Data provided ->
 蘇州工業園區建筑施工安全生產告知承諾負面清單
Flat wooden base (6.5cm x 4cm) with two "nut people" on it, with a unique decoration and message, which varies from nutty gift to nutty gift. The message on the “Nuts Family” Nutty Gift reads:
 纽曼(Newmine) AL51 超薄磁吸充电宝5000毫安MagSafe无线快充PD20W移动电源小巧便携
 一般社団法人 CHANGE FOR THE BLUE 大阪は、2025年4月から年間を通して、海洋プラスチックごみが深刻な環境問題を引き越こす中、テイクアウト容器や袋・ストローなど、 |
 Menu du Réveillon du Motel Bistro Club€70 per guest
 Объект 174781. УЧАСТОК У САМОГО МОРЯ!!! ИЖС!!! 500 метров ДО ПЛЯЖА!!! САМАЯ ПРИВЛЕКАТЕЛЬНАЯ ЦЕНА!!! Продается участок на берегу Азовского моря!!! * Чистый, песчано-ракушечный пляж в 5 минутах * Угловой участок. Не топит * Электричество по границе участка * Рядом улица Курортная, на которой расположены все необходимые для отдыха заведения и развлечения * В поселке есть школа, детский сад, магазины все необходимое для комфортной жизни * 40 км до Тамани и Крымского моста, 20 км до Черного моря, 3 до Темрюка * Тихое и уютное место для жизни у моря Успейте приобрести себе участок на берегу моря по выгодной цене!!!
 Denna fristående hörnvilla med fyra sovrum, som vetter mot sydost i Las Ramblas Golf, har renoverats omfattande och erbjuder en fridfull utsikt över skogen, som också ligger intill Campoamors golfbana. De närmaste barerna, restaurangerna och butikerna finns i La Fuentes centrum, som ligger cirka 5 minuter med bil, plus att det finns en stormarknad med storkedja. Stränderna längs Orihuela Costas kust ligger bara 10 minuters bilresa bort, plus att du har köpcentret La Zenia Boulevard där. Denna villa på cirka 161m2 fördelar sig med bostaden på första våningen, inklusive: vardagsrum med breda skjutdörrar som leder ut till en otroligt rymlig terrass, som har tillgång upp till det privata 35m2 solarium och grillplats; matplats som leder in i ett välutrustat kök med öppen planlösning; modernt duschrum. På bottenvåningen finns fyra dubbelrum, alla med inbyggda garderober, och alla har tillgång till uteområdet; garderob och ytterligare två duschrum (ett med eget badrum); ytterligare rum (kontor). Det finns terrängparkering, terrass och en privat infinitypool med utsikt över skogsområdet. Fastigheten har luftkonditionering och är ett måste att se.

---

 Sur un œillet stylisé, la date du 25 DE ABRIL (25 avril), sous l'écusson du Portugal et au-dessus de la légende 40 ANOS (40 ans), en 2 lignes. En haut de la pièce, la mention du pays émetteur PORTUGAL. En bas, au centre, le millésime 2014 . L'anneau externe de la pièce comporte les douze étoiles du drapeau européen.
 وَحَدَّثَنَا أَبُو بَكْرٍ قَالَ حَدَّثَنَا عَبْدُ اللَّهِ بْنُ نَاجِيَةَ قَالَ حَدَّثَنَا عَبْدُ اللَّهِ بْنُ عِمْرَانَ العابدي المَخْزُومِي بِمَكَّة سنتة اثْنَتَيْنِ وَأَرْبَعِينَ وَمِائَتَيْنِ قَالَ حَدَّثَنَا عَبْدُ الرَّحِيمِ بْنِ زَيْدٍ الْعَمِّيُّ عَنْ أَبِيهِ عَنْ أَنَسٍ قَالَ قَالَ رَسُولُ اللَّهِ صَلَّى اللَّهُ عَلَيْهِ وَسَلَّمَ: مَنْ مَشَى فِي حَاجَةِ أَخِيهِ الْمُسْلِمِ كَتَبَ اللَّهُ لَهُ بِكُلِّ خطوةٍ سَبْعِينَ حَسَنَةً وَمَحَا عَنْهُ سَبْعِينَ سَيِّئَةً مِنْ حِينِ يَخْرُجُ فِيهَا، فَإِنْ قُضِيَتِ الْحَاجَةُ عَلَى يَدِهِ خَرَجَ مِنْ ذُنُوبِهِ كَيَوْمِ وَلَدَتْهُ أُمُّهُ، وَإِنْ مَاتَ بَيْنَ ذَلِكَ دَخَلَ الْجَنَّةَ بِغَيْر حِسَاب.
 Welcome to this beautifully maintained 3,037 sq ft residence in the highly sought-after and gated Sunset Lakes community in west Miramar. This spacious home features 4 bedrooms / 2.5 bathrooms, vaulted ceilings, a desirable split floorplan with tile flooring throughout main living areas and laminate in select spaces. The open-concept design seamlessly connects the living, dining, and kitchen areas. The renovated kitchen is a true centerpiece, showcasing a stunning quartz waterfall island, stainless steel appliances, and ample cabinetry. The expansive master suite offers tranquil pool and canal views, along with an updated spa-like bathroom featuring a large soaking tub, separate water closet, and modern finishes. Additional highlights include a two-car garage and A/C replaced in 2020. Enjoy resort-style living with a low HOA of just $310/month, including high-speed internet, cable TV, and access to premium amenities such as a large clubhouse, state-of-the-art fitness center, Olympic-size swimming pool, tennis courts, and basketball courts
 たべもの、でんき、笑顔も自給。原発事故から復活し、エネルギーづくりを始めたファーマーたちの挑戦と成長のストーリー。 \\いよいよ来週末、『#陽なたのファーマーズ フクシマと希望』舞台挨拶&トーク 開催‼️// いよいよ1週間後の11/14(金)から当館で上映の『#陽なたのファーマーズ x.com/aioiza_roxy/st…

* * *

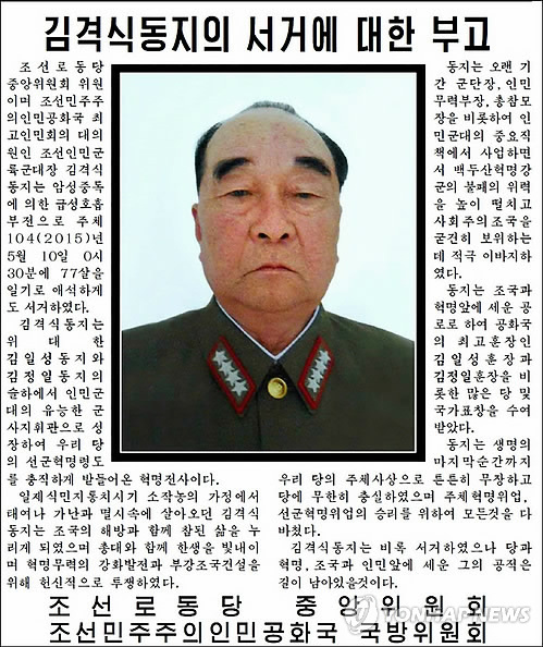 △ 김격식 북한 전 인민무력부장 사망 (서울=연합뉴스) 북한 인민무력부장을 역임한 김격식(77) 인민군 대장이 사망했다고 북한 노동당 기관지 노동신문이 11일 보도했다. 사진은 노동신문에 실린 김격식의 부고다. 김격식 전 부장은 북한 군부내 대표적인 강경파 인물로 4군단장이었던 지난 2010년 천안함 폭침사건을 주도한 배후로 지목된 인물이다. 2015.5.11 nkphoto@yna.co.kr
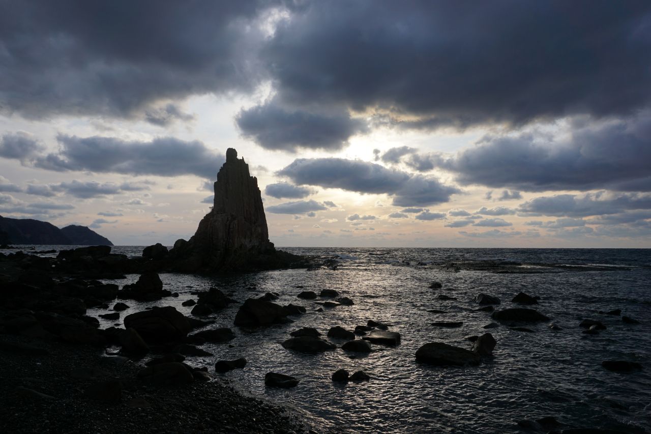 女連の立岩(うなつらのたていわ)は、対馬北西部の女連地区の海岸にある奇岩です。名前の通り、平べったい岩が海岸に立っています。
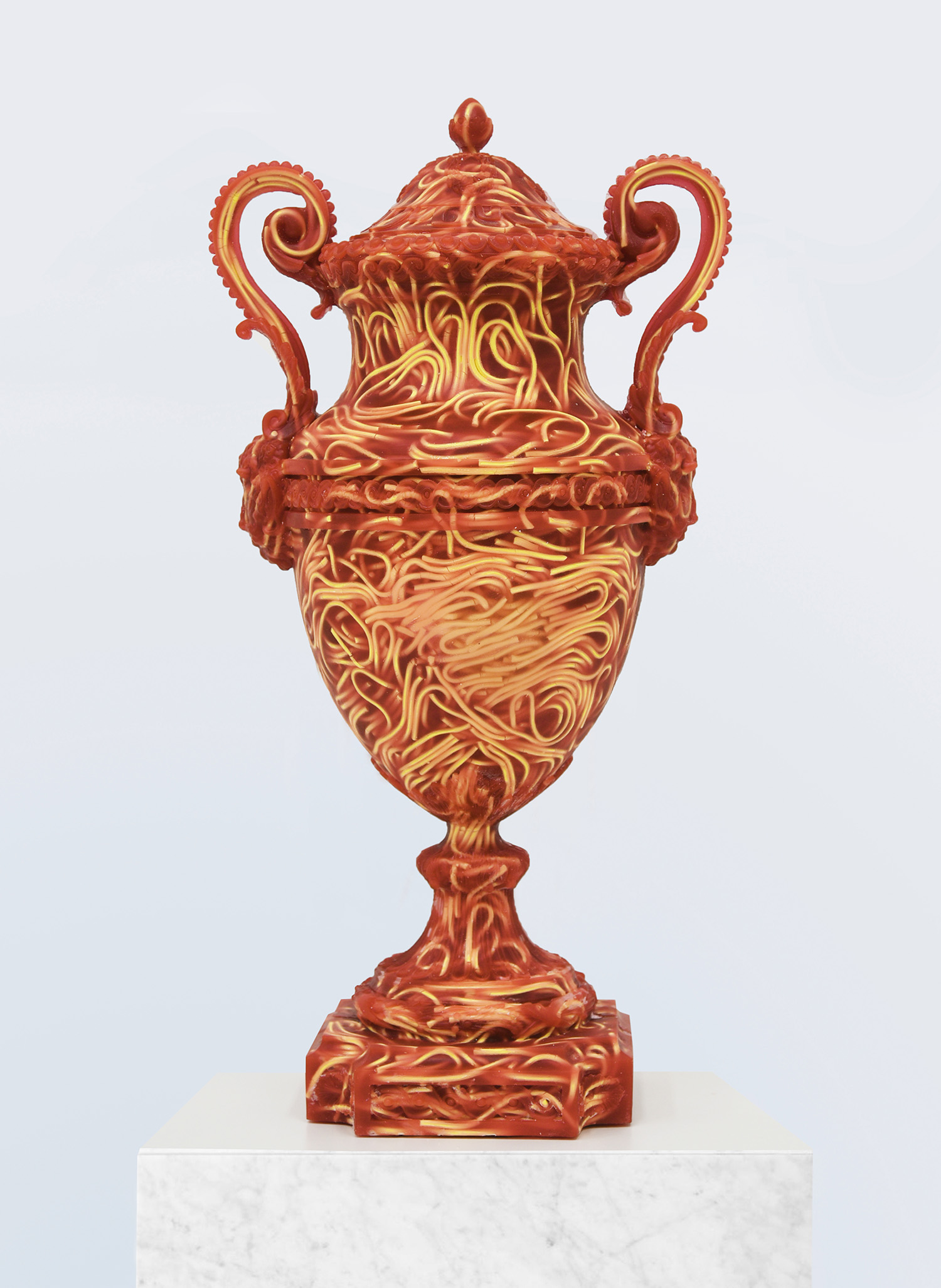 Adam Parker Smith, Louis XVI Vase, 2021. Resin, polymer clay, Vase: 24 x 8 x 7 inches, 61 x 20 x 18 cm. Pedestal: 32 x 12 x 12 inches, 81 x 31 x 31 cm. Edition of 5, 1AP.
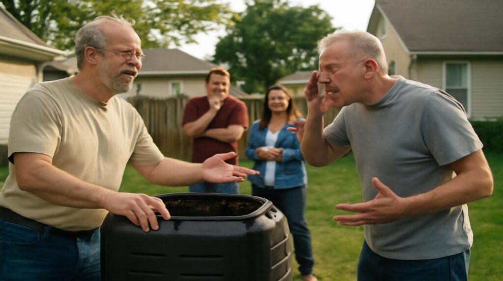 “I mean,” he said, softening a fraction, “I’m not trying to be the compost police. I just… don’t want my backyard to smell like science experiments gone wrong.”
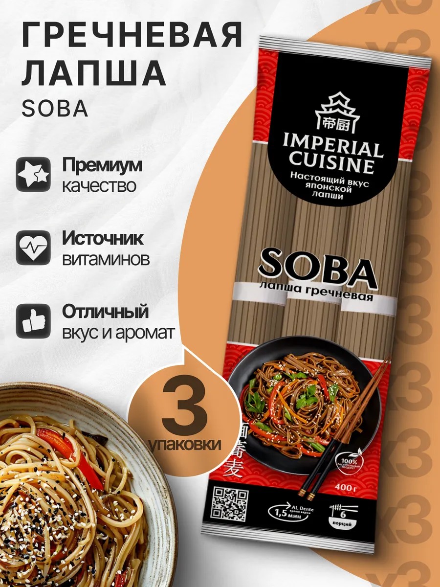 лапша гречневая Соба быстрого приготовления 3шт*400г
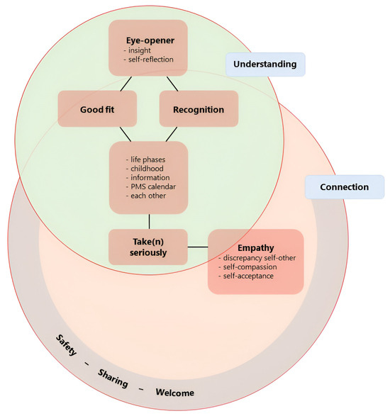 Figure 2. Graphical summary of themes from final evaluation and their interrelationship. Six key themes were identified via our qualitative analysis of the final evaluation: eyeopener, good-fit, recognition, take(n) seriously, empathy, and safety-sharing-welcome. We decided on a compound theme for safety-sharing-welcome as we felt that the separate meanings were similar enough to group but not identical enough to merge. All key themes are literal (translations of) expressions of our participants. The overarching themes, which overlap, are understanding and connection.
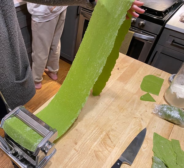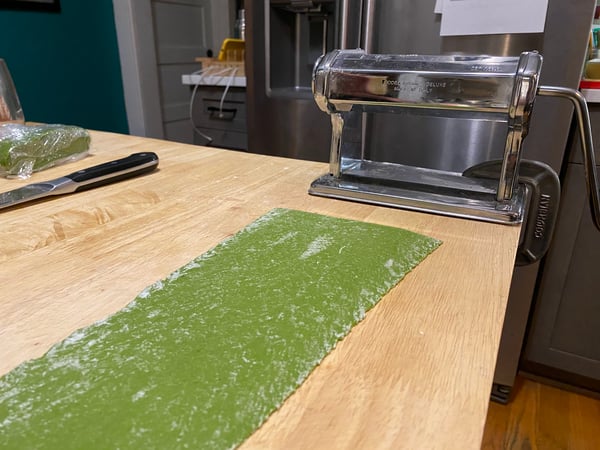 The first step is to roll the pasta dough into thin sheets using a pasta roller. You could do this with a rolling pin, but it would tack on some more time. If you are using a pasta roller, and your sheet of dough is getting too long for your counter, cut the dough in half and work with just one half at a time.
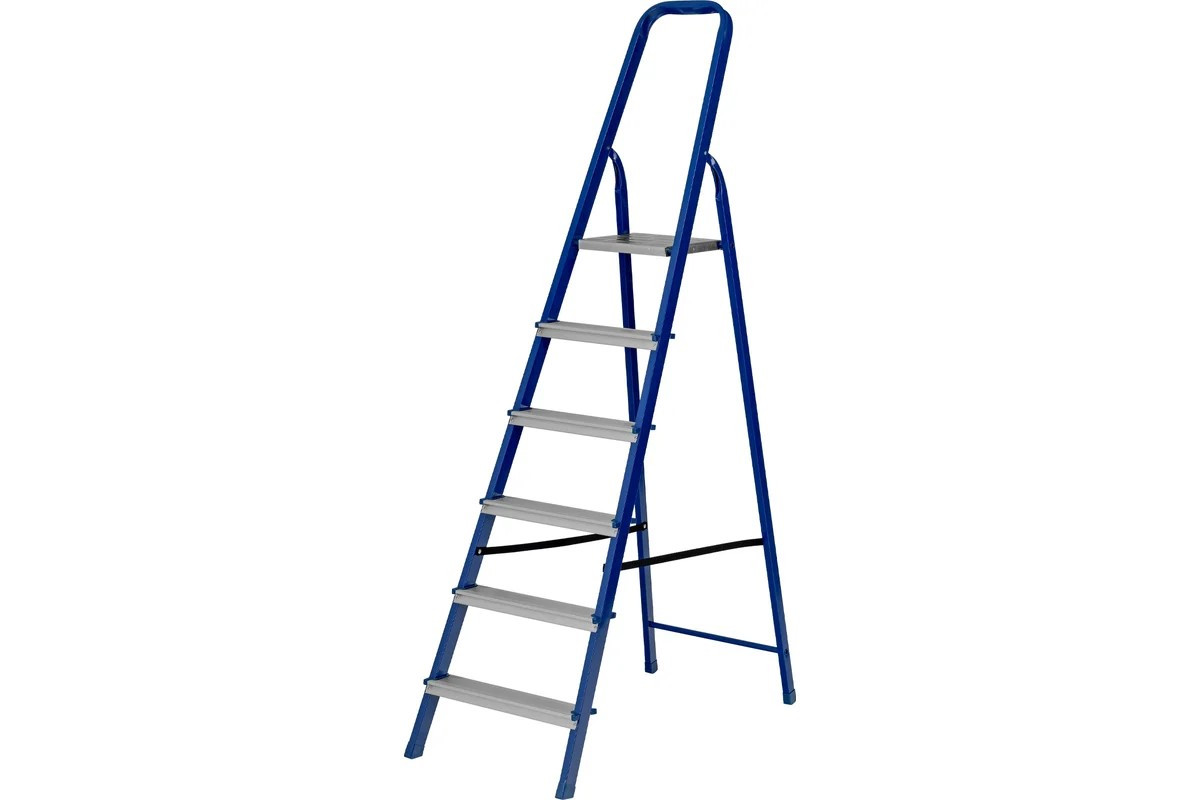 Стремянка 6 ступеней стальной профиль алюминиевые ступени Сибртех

Exercise objective -> Scan the records above for the lines holding "纽曼(Newmine) AL51 超薄磁吸充电宝5000毫安MagSafe无线快充PD20W移动电源小巧便携" and "Объект 174781. УЧАСТОК". Transcribe those two and every line between them word for word, and no others.

Response below ->
 纽曼(Newmine) AL51 超薄磁吸充电宝5000毫安MagSafe无线快充PD20W移动电源小巧便携
 一般社団法人 CHANGE FOR THE BLUE 大阪は、2025年4月から年間を通して、海洋プラスチックごみが深刻な環境問題を引き越こす中、テイクアウト容器や袋・ストローなど、 |
 Menu du Réveillon du Motel Bistro Club€70 per guest
 Объект 174781. УЧАСТОК У САМОГО МОРЯ!!! ИЖС!!! 500 метров ДО ПЛЯЖА!!! САМАЯ ПРИВЛЕКАТЕЛЬНАЯ ЦЕНА!!! Продается участок на берегу Азовского моря!!! * Чистый, песчано-ракушечный пляж в 5 минутах * Угловой участок. Не топит * Электричество по границе участка * Рядом улица Курортная, на которой расположены все необходимые для отдыха заведения и развлечения * В поселке есть школа, детский сад, магазины все необходимое для комфортной жизни * 40 км до Тамани и Крымского моста, 20 км до Черного моря, 3 до Темрюка * Тихое и уютное место для жизни у моря Успейте приобрести себе участок на берегу моря по выгодной цене!!!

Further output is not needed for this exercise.